◆ **The task**
Please give again every entry exactly as it appears, setting aside the pictures.

◆ **Source records**
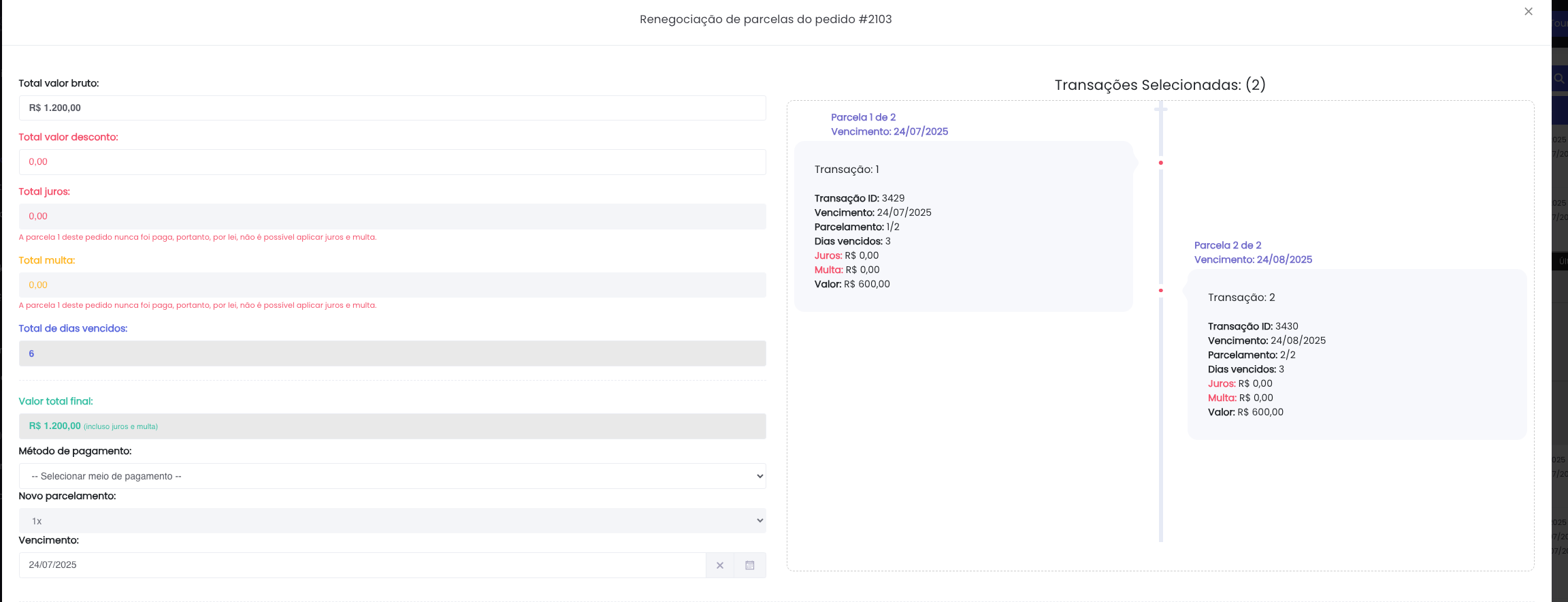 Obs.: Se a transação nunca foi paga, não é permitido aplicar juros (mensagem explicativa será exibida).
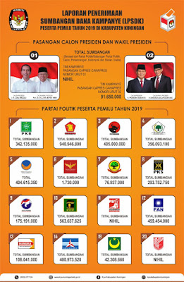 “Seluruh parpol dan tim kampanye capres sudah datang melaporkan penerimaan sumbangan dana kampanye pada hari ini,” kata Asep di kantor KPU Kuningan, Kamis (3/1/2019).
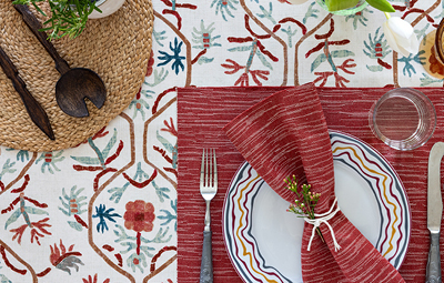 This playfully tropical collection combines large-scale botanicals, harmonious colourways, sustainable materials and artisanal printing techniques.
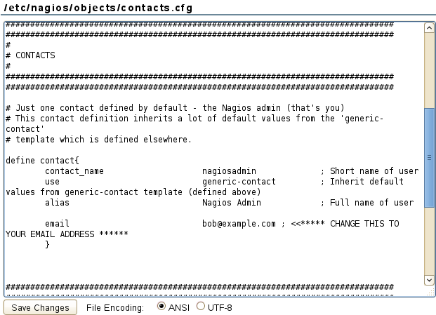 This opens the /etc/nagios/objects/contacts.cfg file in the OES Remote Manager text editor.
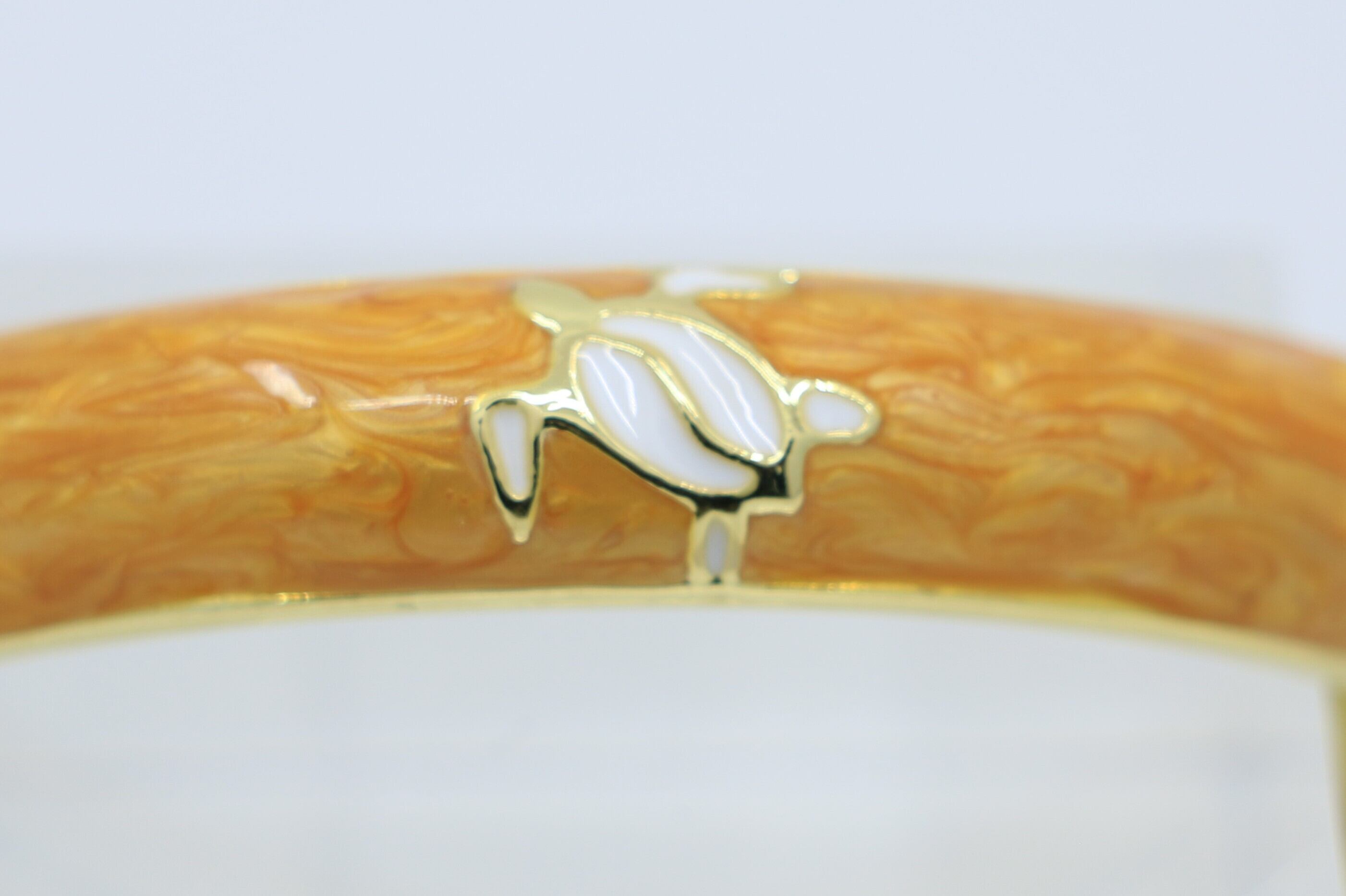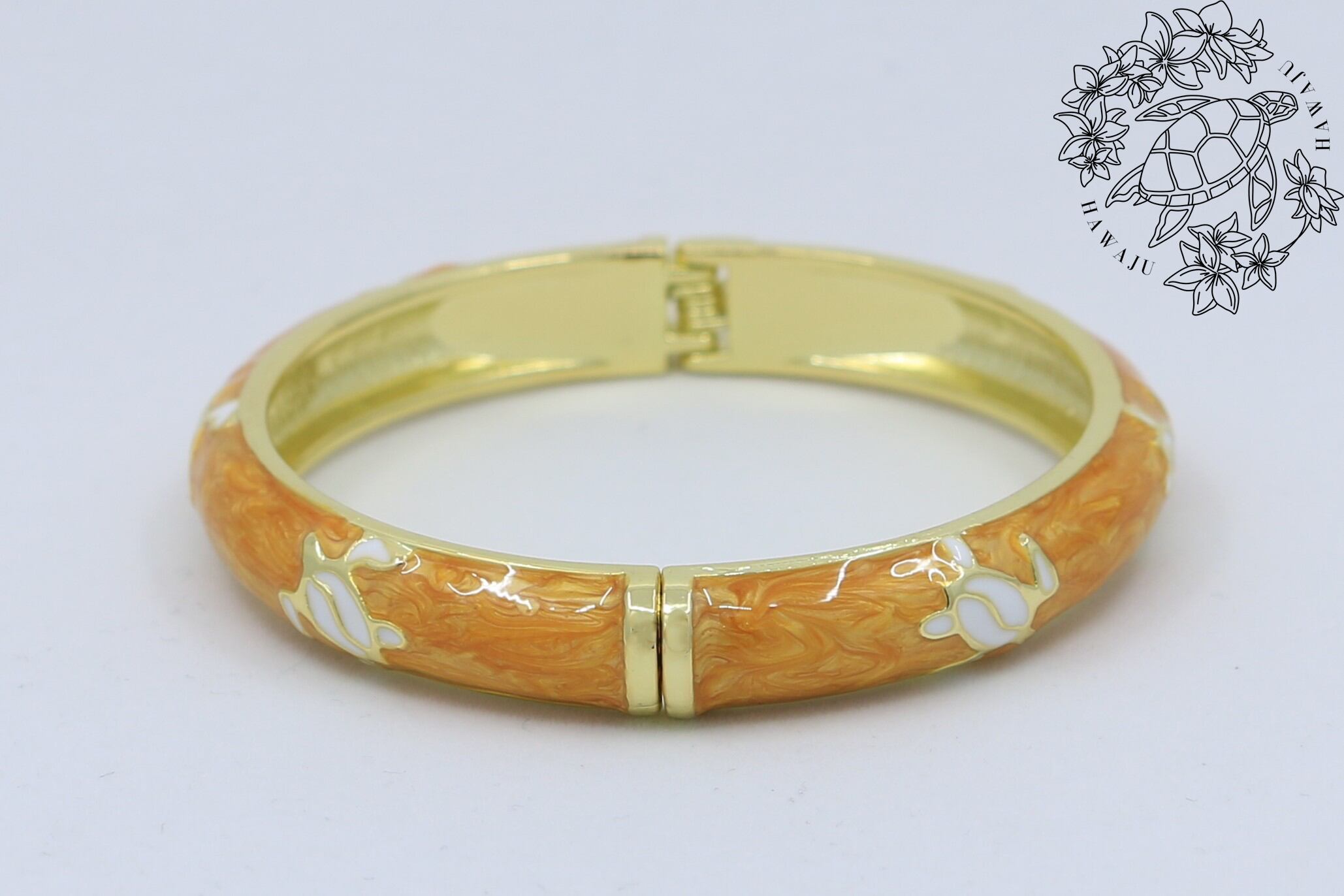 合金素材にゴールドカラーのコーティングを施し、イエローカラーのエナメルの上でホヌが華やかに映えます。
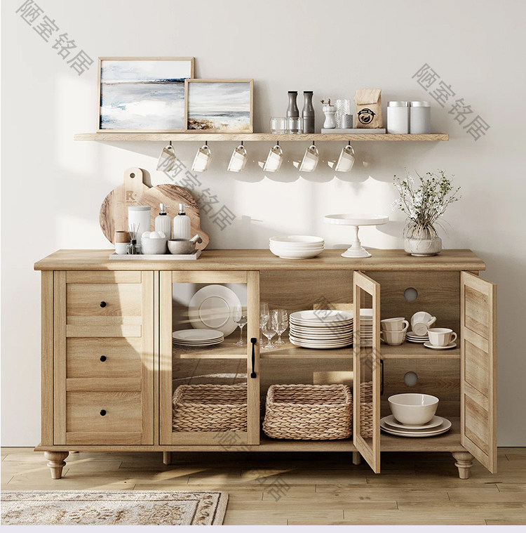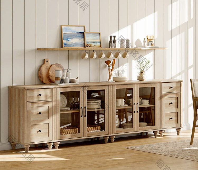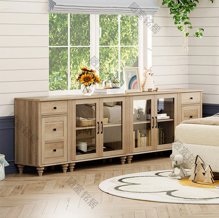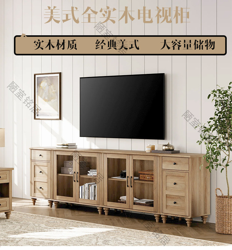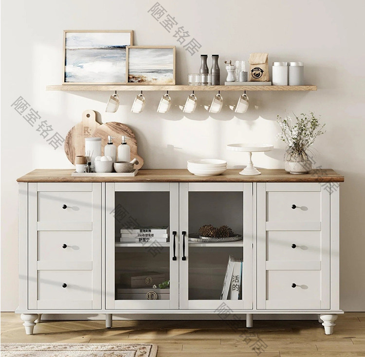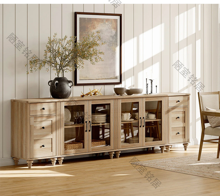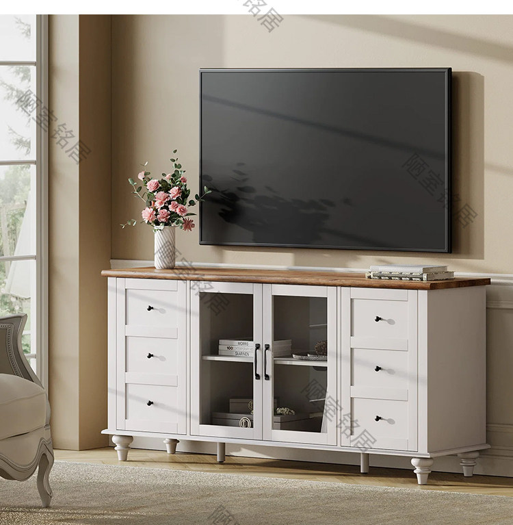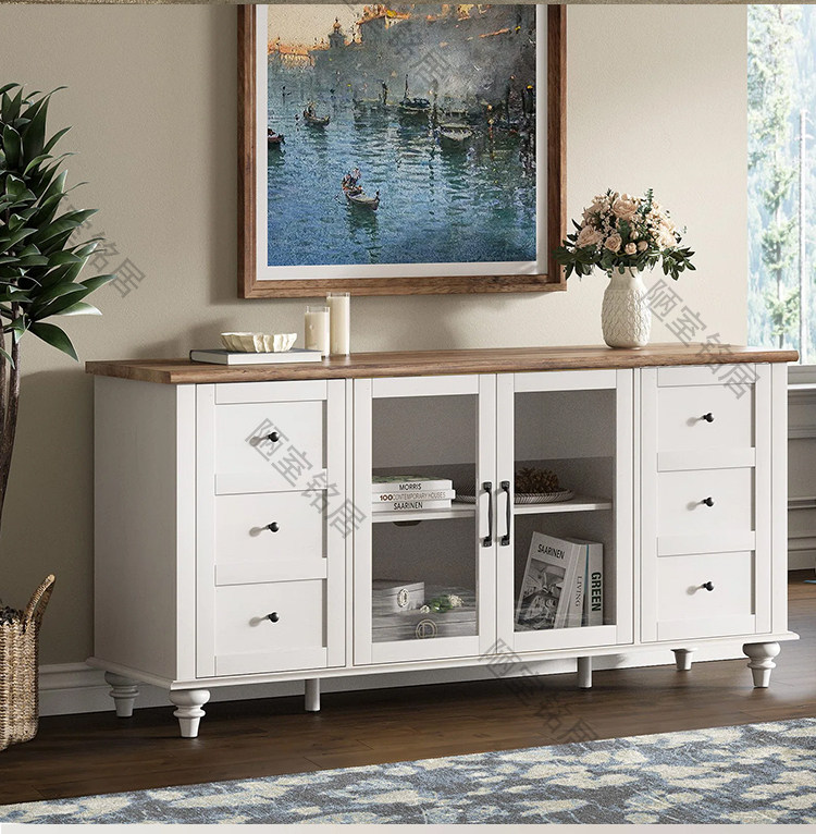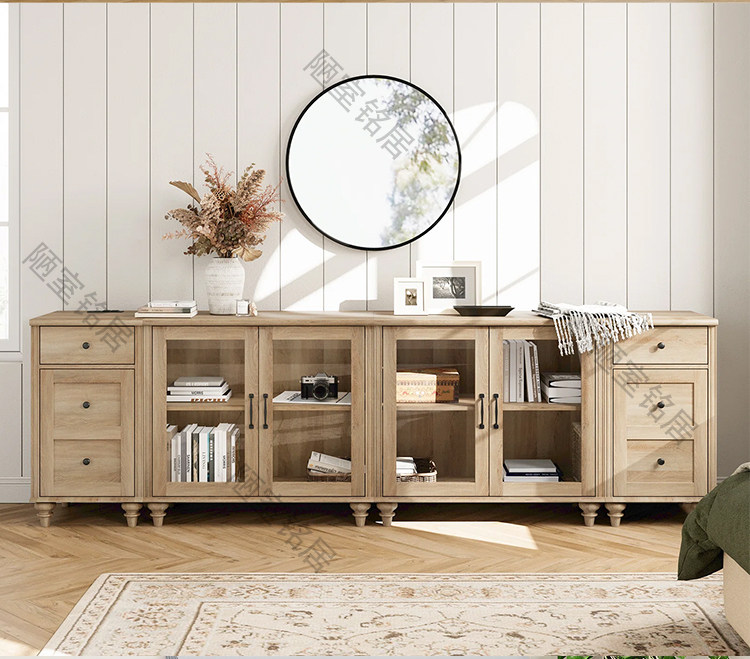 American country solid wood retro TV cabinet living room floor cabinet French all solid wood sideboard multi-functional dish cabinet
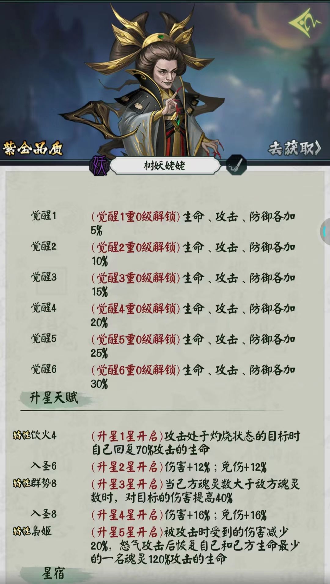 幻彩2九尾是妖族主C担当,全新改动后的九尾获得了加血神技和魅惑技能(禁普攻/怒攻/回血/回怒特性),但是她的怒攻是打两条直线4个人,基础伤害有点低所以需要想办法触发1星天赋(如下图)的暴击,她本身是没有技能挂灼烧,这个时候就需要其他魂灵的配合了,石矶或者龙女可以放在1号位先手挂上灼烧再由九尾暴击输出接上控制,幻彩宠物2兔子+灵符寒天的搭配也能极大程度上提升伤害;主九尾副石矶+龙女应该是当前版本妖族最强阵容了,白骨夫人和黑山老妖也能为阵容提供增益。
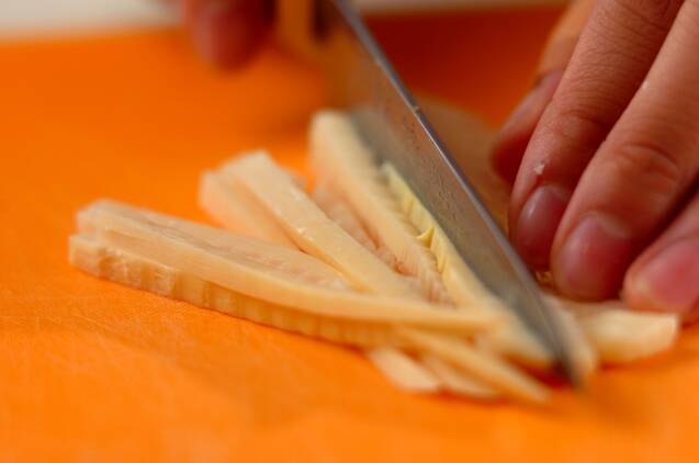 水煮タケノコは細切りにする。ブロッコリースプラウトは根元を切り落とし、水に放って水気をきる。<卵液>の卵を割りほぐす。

◆ **Finished exercise**
 Obs.: Se a transação nunca foi paga, não é permitido aplicar juros (mensagem explicativa será exibida).
 “Seluruh parpol dan tim kampanye capres sudah datang melaporkan penerimaan sumbangan dana kampanye pada hari ini,” kata Asep di kantor KPU Kuningan, Kamis (3/1/2019).
 This playfully tropical collection combines large-scale botanicals, harmonious colourways, sustainable materials and artisanal printing techniques.
 This opens the /etc/nagios/objects/contacts.cfg file in the OES Remote Manager text editor.
 合金素材にゴールドカラーのコーティングを施し、イエローカラーのエナメルの上でホヌが華やかに映えます。
 American country solid wood retro TV cabinet living room floor cabinet French all solid wood sideboard multi-functional dish cabinet
 幻彩2九尾是妖族主C担当,全新改动后的九尾获得了加血神技和魅惑技能(禁普攻/怒攻/回血/回怒特性),但是她的怒攻是打两条直线4个人,基础伤害有点低所以需要想办法触发1星天赋(如下图)的暴击,她本身是没有技能挂灼烧,这个时候就需要其他魂灵的配合了,石矶或者龙女可以放在1号位先手挂上灼烧再由九尾暴击输出接上控制,幻彩宠物2兔子+灵符寒天的搭配也能极大程度上提升伤害;主九尾副石矶+龙女应该是当前版本妖族最强阵容了,白骨夫人和黑山老妖也能为阵容提供增益。
 水煮タケノコは細切りにする。ブロッコリースプラウトは根元を切り落とし、水に放って水気をきる。<卵液>の卵を割りほぐす。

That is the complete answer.